With multiversal equality in Dotty (scala/scala3#1247), it would seem inconsistent not to use it for operations based on == such as contains and indexOf, which are currently pretty unsafe:

scala> List(1,2) contains 'ko
val res3: Boolean = false

It has been agreed on before that these methods could benefit from M-E. Indeed, one can write things like:

scala> def contains[A,B](ls: List[A], b: B)(implicit eq: Eq[A,B]) = ls.exists(_ == b)
scala> contains(List(1,2), 'ko)
-- Error: <console>:5:2 --------------------------------------------
5 |  contains(List(1,2), 'ko)
  |                         ^
  |         Values of types Int^ and Symbol^ cannot be compared with == or !=

In order to make that work with current Scala, we could have a single Eq implicit available there so that contains would always work (as before).

One thing I noticed that may or may not be a problem is that adding a subtyping constraint to one of the type parameters makes the code type check again...

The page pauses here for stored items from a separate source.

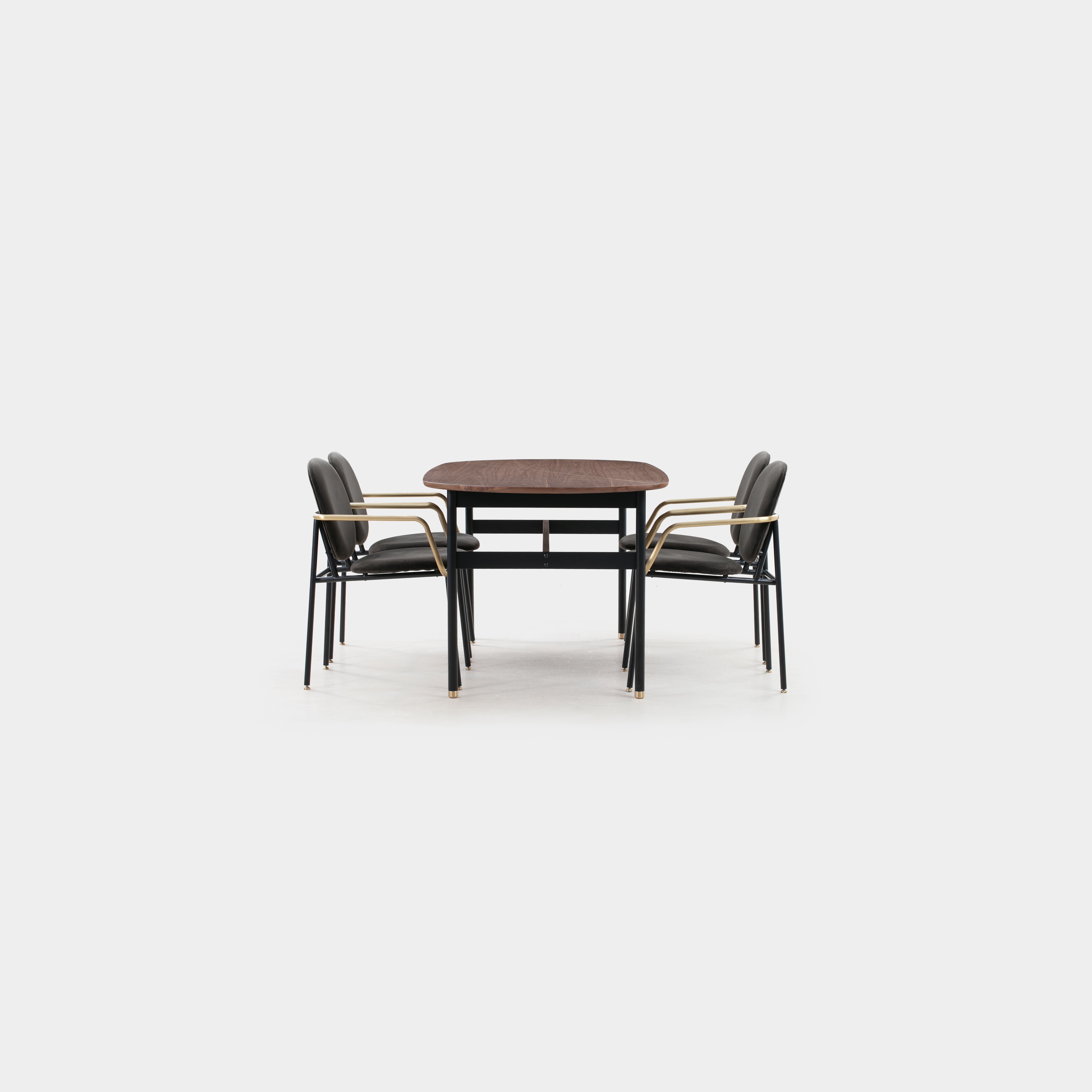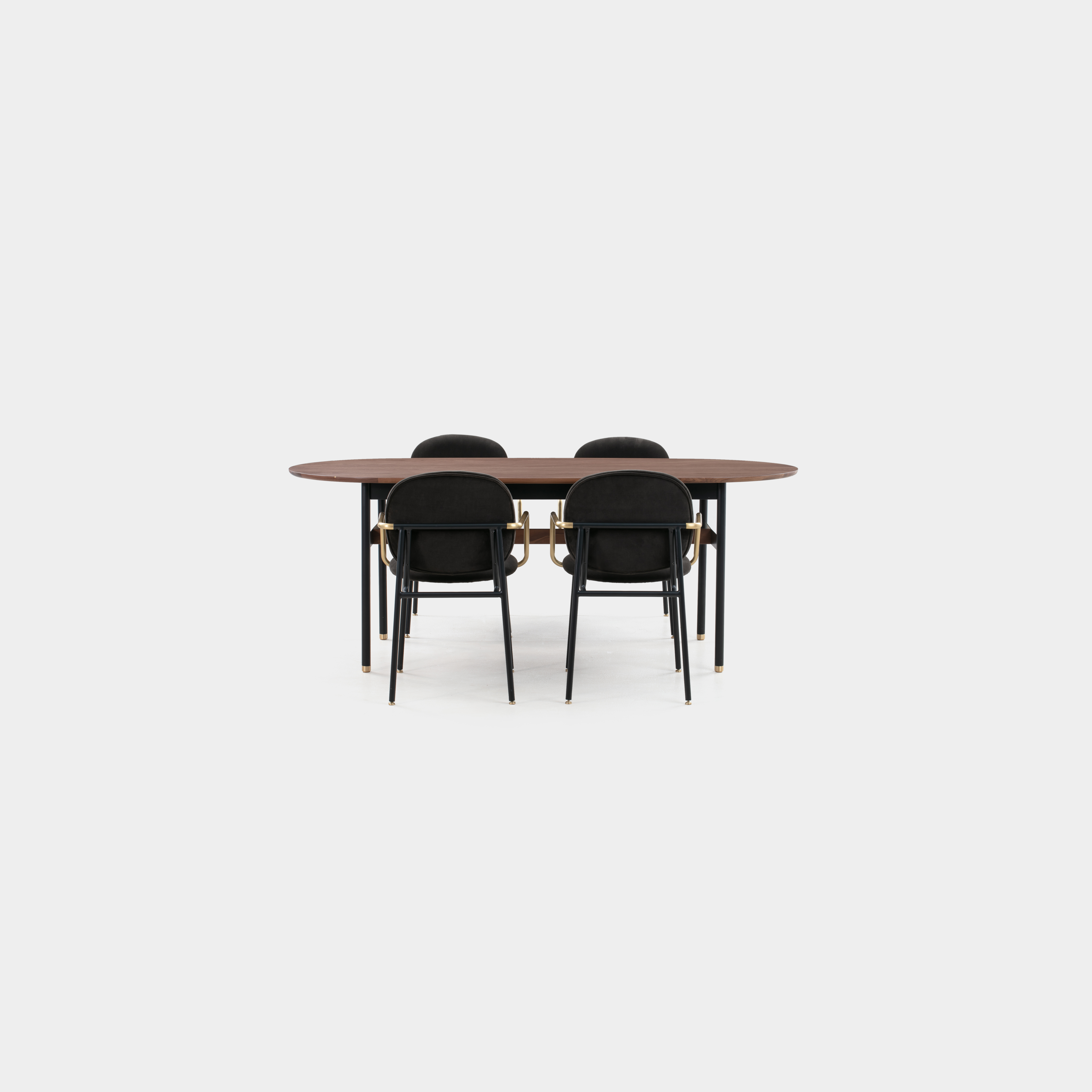The Cabo dining table has an oval shaped table top. The metal base comes with brass painted metal feet. Design by Anders Ostberg.
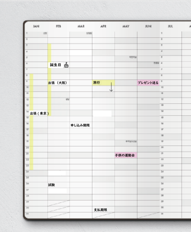 プロジェクトの開始と終了、学期や休みの期間、旅行の予定を記入しておけば、1年の計画を視覚的に一度で確認することができます。
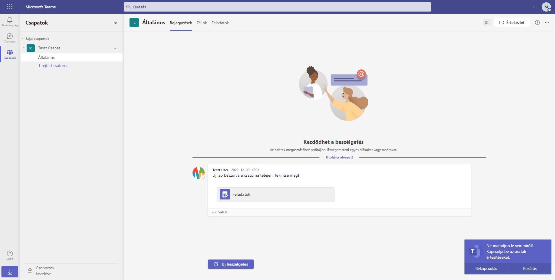15. Ha első alkalommal indítja el a Teams alkalmazást, akkor egy rövid képes ismertetőt láthat. Ennek a diáit a Tovább gombra kattintva tudja léptetni. A bemutató után elérhető a Teams csapat melyhez meghívót kapta.
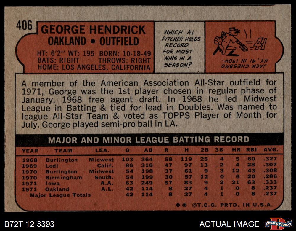 1972 Topps #406 George Hendrick 3 - VG
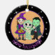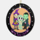 Double Sided Halloween Kids in vampire, mummy and witch costumes and Bats trick or treating Keepsake Ceramic Ornament
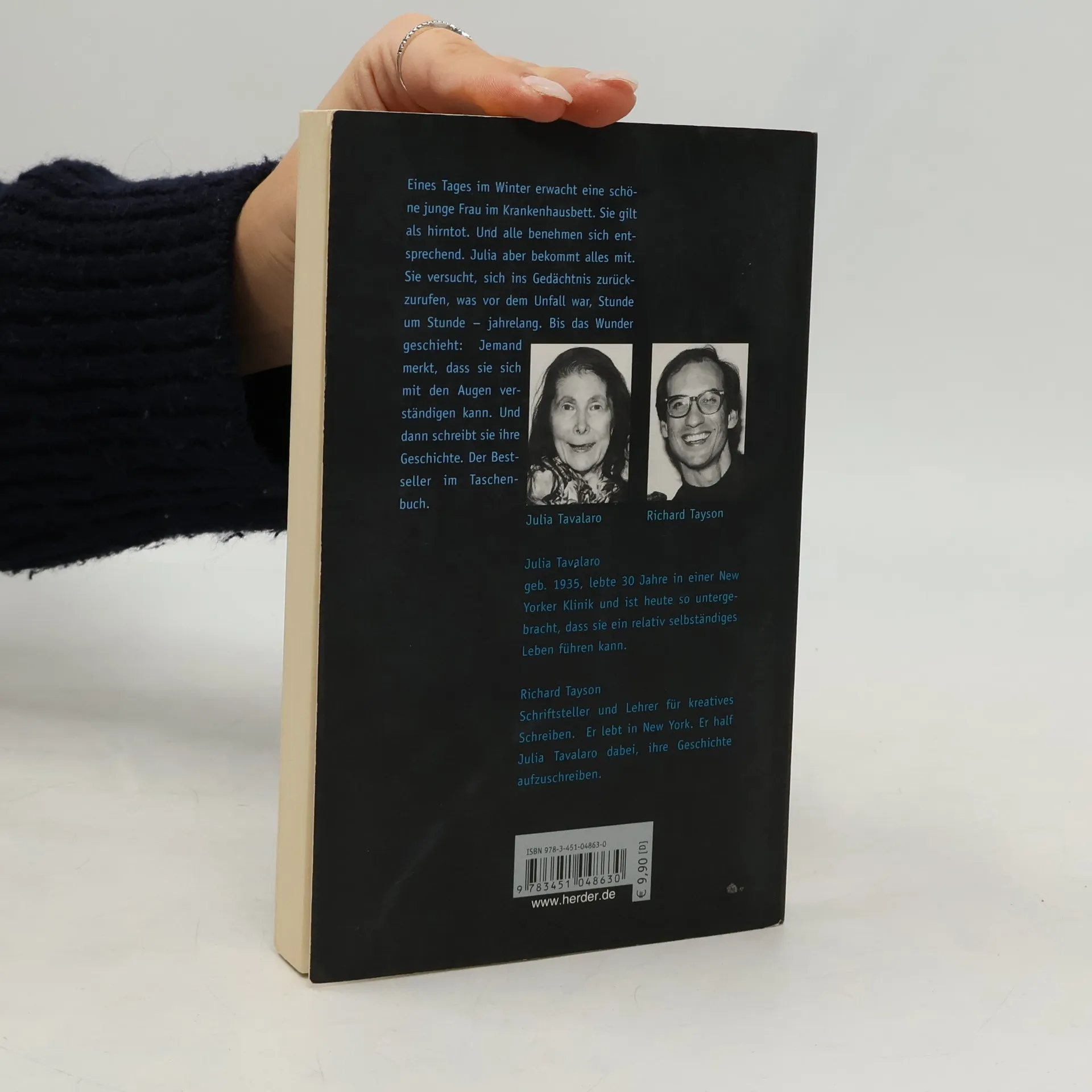 Eines Tages im Winter erwacht eine schöne junge Frau im Krankenhausbett. Sie gilt als hirntot. Und alle benehmen sich entsprechend. Julia aber bekommt alles mit. Sie versucht, sich ins Gedächtnis zurückzurufen, was vor dem Unfall war, Stunde um Stunde - jahrelang. Bis das Wunder geschieht: Jemand merkt, dass sie sich mit den Augen verständigen kann. Und dann schreibt sie ihre Geschichte. Der Bestseller im Taschenbuch.
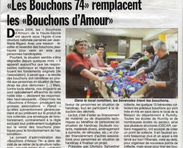 Article de l’Hebdo des Savoie en date du : 24 janvier 2013 ; Les Bouchons 74 remplacent les Bouchons d’Amour

scala> def contains[A,B >: A](ls: List[A], b: B)(implicit eq: Eq[A,B]) = ls.exists(_ == b)
scala> contains(List(1,2), 'ko)
res0: Boolean = false

[Blaisorblade]

One thing I noticed that may or may not be a problem is that adding a subtyping constraint to one of the type parameters makes the code type check again...

That appears to be intended, because an instance of B could be an A (see top post in scala/scala3#1247), but though it is unfortunate.

[Blaisorblade]

I've done a few experiments about how to type methods like ++. Discussion on https://www.reddit.com/r/programming/comments/6elim6/announcing_dotty_012rc1_a_major_step
_towards/diigfus/ points out that such methods might require extra parameters. Indeed, if such methods don't rely on eqAny they must all take extra instances, and if they rely on eqAny I think they lose assurances.

The results might be affected by scala/scala3#2707.

EDIT: what's below are a few alternative experiments. I'm not sure how to summarize them because I'm not sure what's the best course of action 😢

//import dotty.DottyPredef.{eqAny => _, _} // makes a difference
//import scala.{Eq => _, _} //makes no difference.
object Main {
  def equal[S, T](s: S, t: T) = s == t // it seems this should fail without eqAny.

  def contravWitness[A, B >: A](e : Eq[A, B]): Eq[A, A] = e
  //def contravWitness[A, B >: A](e : Eq[A, B]): Eq[B, B] = e
  def contains[A,B >: A](ls: List[A], b: B)(implicit eq: Eq[A,B]) = ls.exists(_ == b)
}

class Cell1[+T : [T] => Eq[T, T]](val value: T) {
  def contains[U >: T : [U] => Eq[U, T]](that: U) = value == that
}

class Cell2[+T](val value: T)(implicit _e: Eq[T, T]) {
  def contains[U](that: U)(implicit eq: Eq[T, U]): Boolean =
    value == that
}

class Cell3[+T](val value: T)(implicit _e: Eq[T, T]) {
  def contains[U >: T](that: U) = value == that
  def append1[U >: T](u: U): Cell3[U] =
    new Cell3(u) //uses eqAny
  def append2[U >: T](u: U)(implicit eq: Eq[T, U]): Cell3[U] =
    new Cell3(u) //uses eqAny
}


class ListCell[+T](val values: List[T])(implicit _e: Eq[T, T]) {
  def contains0[U >: T](that: U): Boolean =
    values.map(new Cell3[T](_)).exists(_.contains(that))
  def contains[U](that: U)(implicit eq: Eq[T, U]): Boolean =
    values.map(new Cell2[T](_)).exists(_.contains(that))
  def append1[U >: T](u: U): ListCell[U] =
    new ListCell(values :+ u) //uses eqAny
  def append2[U >: T](u: U)(implicit eq: Eq[T, U]): ListCell[U] =
    new ListCell(values :+ u) //uses eqAny
  def append3[U >: T](u: U)(implicit eq: Eq[U, U]): ListCell[U] =
    new ListCell(values :+ u)
}

[LPTK]

I don't understand why you want to put an implicit on the CellN class itself instead of on the method. Any particular reasons?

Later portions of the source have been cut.